* _ACTIVITY_: Go through the listing and set it down exactly, leaving out its pictures.

* _MATERIALS PROVIDED_:
--- START ---

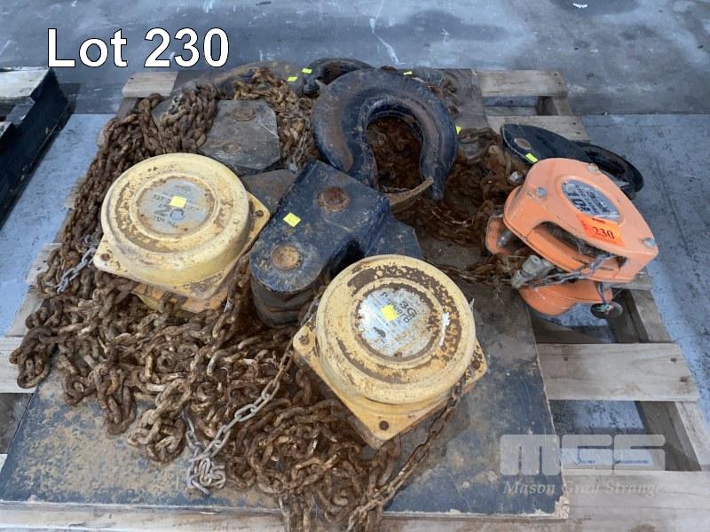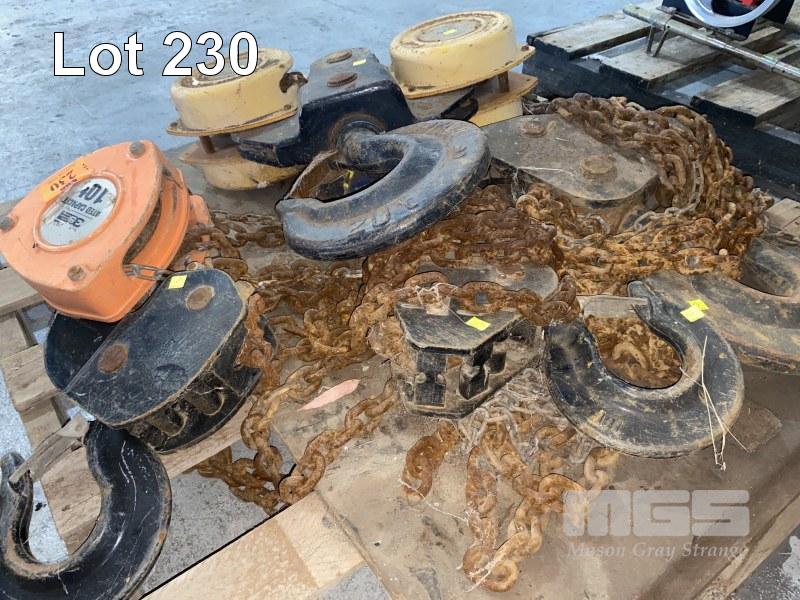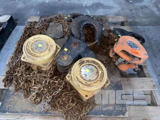 CHAIN BLOCK & HOOK ASSEMBLIES INC 1 x BEAVER 3S 10 TONNE, 1 x BEAVER 3G TWIN CHAIN BLOCK WITH HOOK, 20 TONNE & 2 x ASSORTED HOOKS 10 & 20 TONNE 1 x PALLET
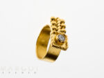 Elegnacki, artystyczny pierścionek wykonany w srebrze AG925, złocony całkowicie 24 kr złotem koloru żółtego. W centralnej części osadzono białą cyrkonię, która ciekawie współgra z okrągłymi elementami. Szyna szeroka płaska. Wyrób wykonany całkowicie ręcznie, w jednym egzemplarzu. Perfekcyjna praca złotnicza.
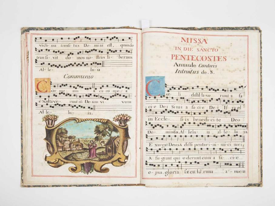 religieuses (Adoration, Ascension, Pentecôte, Vierge à l’enfant,...) Chaque page de musique est ornée d’une
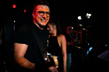 Als Gründungsmitglied Mann der ersten Stunde und unser Virtuose an den Gitarrensaiten. Macht alles mit links, hat immer einen Masterplan in der Tasche und träumt nach wie vor von einer Robinson-Club-Tour mit der Band.
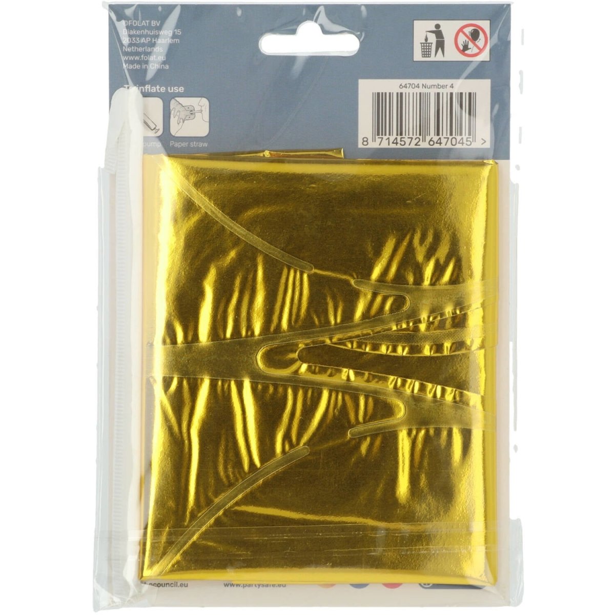 Balon foliowy Figurka 4 Złoty Kolor - 72 cm. Zawartość: 1 balon foliowy. Kolor: złoty. Do wykorzystania na przykład podczas następujących przyjęć/imprez okolicznościowych: Urodziny, Przyjęcie dla dzieci i Rocznica. Ten balon foliowy ma 28 cali/72 cm i może być napełniany powietrzem (hel nie jest potrzebny). Produkt jest wykonany z folii.

--- END ---

* _TASK ANSWER_:
 CHAIN BLOCK & HOOK ASSEMBLIES INC 1 x BEAVER 3S 10 TONNE, 1 x BEAVER 3G TWIN CHAIN BLOCK WITH HOOK, 20 TONNE & 2 x ASSORTED HOOKS 10 & 20 TONNE 1 x PALLET
 Elegnacki, artystyczny pierścionek wykonany w srebrze AG925, złocony całkowicie 24 kr złotem koloru żółtego. W centralnej części osadzono białą cyrkonię, która ciekawie współgra z okrągłymi elementami. Szyna szeroka płaska. Wyrób wykonany całkowicie ręcznie, w jednym egzemplarzu. Perfekcyjna praca złotnicza.
 religieuses (Adoration, Ascension, Pentecôte, Vierge à l’enfant,...) Chaque page de musique est ornée d’une
 Als Gründungsmitglied Mann der ersten Stunde und unser Virtuose an den Gitarrensaiten. Macht alles mit links, hat immer einen Masterplan in der Tasche und träumt nach wie vor von einer Robinson-Club-Tour mit der Band.
 Balon foliowy Figurka 4 Złoty Kolor - 72 cm. Zawartość: 1 balon foliowy. Kolor: złoty. Do wykorzystania na przykład podczas następujących przyjęć/imprez okolicznościowych: Urodziny, Przyjęcie dla dzieci i Rocznica. Ten balon foliowy ma 28 cali/72 cm i może być napełniany powietrzem (hel nie jest potrzebny). Produkt jest wykonany z folii.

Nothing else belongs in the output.